Data records:
━━━━━━━━━━━━━━━━━━━━━━━━━━━━━━

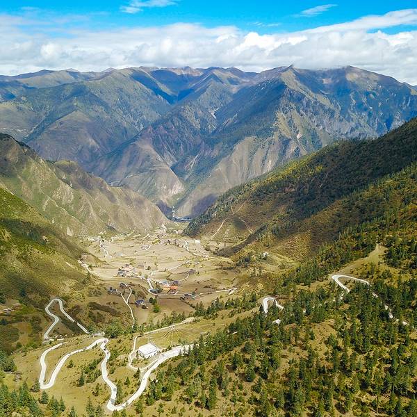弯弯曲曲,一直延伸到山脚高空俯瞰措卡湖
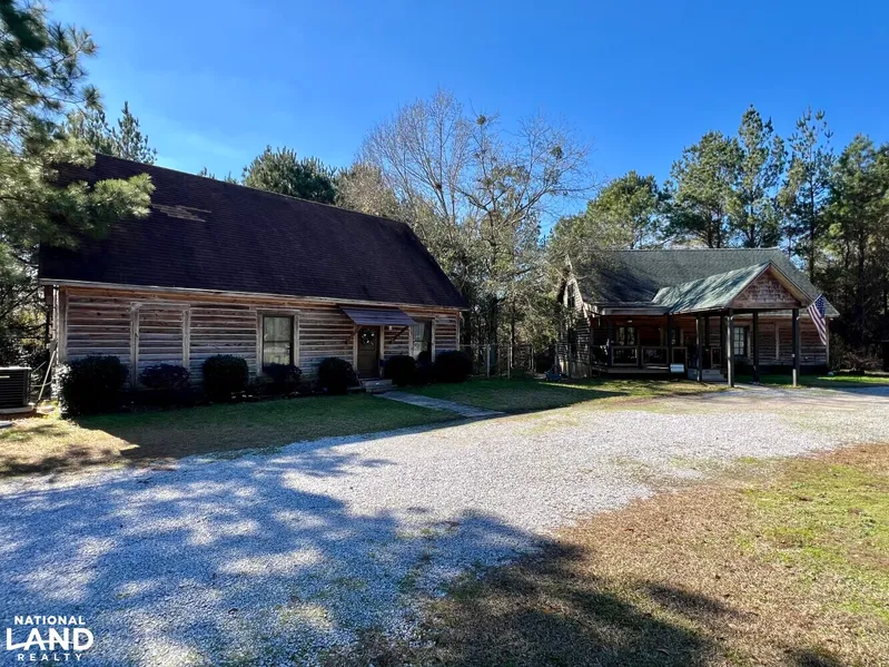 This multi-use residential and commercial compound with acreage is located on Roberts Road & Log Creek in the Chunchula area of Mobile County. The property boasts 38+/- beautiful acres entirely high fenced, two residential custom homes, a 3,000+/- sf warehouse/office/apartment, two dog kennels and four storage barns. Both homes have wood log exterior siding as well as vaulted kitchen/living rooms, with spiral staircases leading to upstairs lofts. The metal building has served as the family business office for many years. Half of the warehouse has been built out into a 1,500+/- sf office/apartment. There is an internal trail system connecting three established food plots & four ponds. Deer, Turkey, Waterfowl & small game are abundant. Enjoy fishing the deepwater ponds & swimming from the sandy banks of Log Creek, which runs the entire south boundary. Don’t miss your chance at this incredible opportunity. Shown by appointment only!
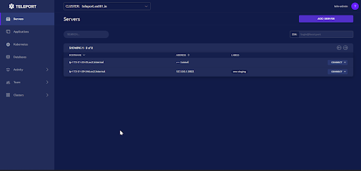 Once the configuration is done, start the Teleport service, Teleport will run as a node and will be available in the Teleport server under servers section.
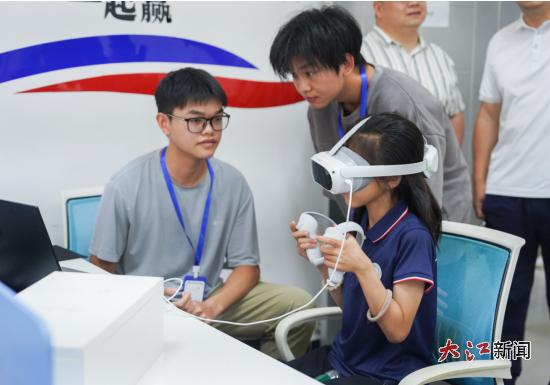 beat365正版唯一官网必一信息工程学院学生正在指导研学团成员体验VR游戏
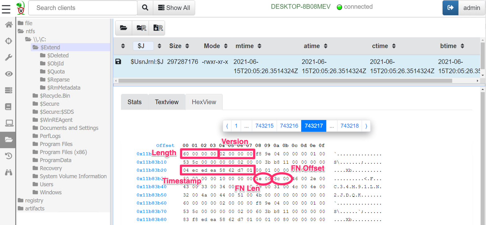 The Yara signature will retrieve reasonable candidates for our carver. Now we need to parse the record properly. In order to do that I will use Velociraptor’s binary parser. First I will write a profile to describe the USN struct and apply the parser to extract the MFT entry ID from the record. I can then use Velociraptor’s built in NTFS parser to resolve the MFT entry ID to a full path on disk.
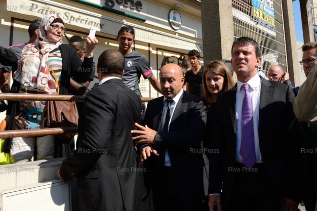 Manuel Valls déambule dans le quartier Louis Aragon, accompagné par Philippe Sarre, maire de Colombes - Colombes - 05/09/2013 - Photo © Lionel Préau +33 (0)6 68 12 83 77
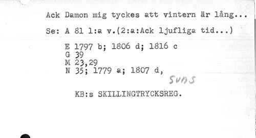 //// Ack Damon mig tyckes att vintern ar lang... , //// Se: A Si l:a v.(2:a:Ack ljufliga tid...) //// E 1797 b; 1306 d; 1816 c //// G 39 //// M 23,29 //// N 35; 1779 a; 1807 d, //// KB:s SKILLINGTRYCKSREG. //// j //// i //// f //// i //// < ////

━━━━━━━━━━━━━━━━━━━━━━━━━━━━━━

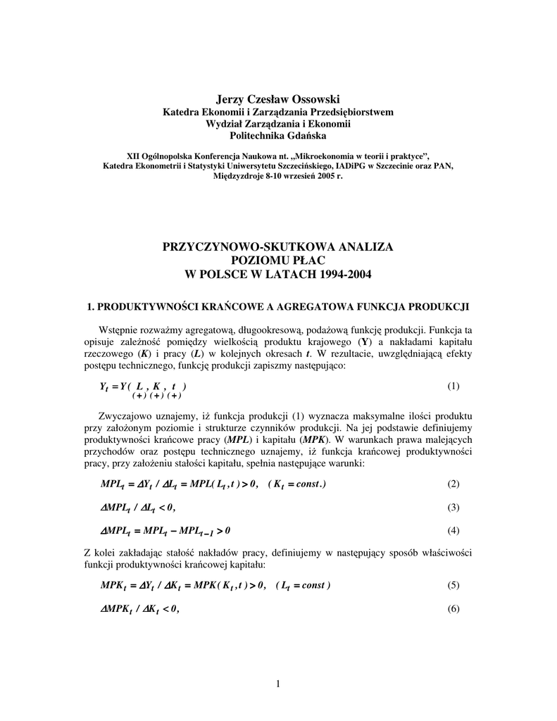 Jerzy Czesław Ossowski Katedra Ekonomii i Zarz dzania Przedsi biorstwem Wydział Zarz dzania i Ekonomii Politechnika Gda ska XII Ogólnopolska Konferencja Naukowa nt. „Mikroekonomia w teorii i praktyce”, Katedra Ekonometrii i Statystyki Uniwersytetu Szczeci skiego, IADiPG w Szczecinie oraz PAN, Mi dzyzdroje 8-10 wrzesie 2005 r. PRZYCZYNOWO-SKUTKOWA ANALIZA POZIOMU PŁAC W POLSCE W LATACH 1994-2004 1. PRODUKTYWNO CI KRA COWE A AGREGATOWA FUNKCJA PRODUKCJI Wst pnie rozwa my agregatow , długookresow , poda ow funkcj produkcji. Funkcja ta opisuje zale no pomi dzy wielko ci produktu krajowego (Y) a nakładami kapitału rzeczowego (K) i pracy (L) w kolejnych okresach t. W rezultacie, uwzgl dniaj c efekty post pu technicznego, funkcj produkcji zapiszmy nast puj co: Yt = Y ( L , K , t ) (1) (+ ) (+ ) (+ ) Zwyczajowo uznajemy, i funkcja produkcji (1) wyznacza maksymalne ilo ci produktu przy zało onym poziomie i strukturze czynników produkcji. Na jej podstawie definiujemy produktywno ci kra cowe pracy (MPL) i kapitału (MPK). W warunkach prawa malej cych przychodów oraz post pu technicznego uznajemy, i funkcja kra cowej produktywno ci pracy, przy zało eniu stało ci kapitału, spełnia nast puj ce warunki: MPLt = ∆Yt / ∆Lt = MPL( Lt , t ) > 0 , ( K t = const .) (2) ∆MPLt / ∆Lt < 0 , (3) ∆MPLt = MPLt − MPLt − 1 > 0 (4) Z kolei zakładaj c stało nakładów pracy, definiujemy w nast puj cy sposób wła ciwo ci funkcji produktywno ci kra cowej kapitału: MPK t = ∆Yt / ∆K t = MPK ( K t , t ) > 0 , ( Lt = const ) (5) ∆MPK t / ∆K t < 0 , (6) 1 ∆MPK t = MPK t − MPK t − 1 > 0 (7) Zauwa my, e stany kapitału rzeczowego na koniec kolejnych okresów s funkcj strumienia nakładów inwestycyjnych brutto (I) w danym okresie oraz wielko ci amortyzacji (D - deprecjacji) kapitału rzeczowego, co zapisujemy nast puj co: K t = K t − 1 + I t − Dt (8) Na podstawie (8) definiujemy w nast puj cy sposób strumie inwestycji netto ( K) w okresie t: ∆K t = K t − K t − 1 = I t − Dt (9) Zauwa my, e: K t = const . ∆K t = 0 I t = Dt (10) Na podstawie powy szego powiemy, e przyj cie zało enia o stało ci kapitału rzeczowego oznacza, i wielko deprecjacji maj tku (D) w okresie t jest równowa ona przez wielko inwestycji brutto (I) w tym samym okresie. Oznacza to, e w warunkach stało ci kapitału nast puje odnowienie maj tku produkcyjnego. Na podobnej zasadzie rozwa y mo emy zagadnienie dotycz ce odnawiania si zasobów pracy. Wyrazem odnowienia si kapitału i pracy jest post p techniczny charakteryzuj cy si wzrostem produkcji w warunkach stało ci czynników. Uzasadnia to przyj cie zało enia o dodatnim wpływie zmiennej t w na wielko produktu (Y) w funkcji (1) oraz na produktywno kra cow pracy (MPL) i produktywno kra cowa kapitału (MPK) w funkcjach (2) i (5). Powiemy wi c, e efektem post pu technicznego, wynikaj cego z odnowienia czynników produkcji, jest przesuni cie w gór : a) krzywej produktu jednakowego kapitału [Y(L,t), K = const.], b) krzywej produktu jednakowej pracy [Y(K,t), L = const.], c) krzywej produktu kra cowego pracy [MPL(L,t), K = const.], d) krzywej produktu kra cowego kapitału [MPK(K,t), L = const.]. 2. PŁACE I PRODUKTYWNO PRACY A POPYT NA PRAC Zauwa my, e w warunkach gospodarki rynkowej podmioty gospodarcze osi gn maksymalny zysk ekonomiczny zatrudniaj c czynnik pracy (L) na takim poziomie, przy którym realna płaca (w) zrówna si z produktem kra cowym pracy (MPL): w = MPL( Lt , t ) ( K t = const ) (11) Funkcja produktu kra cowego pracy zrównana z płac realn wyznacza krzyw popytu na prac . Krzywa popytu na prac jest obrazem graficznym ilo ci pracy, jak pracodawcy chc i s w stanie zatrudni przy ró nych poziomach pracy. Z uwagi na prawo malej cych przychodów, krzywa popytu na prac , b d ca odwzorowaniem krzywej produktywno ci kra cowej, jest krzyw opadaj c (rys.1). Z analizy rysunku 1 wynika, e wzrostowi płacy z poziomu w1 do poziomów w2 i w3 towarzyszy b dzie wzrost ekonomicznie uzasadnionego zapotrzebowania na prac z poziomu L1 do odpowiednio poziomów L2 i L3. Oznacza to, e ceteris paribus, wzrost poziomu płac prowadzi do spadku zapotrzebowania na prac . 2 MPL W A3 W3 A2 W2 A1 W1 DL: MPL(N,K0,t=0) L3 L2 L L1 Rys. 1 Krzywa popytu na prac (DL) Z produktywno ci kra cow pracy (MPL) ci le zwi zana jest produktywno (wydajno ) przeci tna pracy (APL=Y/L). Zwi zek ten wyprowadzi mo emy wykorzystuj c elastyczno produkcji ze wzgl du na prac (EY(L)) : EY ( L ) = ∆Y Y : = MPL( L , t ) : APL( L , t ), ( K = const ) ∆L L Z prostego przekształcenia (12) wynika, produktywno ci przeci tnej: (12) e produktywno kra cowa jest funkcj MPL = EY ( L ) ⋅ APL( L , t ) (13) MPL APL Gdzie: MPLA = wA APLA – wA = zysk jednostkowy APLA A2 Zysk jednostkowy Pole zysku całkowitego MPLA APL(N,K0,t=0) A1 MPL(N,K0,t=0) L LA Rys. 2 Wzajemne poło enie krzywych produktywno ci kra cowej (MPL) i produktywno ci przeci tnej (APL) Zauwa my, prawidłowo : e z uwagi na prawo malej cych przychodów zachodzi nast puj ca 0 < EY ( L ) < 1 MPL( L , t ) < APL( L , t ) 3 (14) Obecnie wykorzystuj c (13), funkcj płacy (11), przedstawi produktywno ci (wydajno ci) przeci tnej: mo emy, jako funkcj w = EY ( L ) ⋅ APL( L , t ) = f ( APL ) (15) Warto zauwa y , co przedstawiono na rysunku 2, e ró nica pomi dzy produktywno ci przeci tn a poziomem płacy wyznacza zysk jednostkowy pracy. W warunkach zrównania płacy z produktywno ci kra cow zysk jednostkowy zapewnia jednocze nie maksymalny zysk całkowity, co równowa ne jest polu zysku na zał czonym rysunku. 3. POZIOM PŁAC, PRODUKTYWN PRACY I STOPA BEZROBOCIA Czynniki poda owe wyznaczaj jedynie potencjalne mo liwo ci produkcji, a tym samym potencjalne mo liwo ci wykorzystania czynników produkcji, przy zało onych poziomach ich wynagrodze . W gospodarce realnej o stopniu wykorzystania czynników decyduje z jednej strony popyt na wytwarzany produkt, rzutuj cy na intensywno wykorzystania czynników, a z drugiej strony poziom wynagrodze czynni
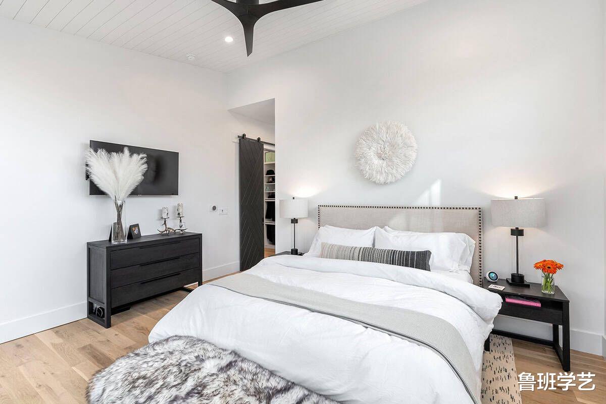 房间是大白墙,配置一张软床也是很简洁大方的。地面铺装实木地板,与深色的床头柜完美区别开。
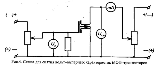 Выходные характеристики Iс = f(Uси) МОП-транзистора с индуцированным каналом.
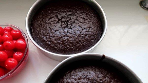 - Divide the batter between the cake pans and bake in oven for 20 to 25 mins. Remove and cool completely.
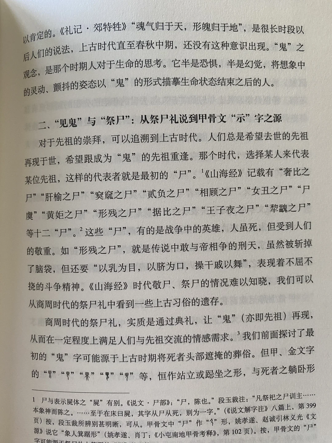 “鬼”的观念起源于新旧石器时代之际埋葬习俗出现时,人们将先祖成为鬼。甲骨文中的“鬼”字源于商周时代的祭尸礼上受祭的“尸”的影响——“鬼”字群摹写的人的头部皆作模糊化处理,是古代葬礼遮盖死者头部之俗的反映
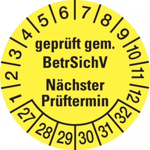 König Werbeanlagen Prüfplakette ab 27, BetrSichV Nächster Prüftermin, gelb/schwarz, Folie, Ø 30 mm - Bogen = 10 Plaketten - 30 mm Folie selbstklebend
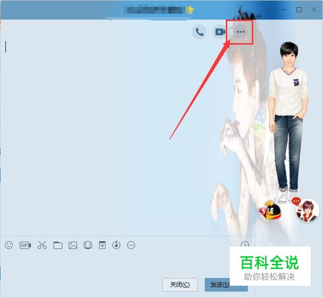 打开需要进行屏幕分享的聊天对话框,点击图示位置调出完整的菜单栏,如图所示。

━━━━━━━━━━━━━━━━━━━━━━━━━━━━━━

Above, find the line with "König Werbeanlagen Prüfplakette"; copy it and every line down to the line with "打开需要进行屏幕分享的聊天对话框,点击图示位置调出完整的菜单栏,如图所示。", exactly and both included, but no pictures.

Expected answer:
 König Werbeanlagen Prüfplakette ab 27, BetrSichV Nächster Prüftermin, gelb/schwarz, Folie, Ø 30 mm - Bogen = 10 Plaketten - 30 mm Folie selbstklebend
 打开需要进行屏幕分享的聊天对话框,点击图示位置调出完整的菜单栏,如图所示。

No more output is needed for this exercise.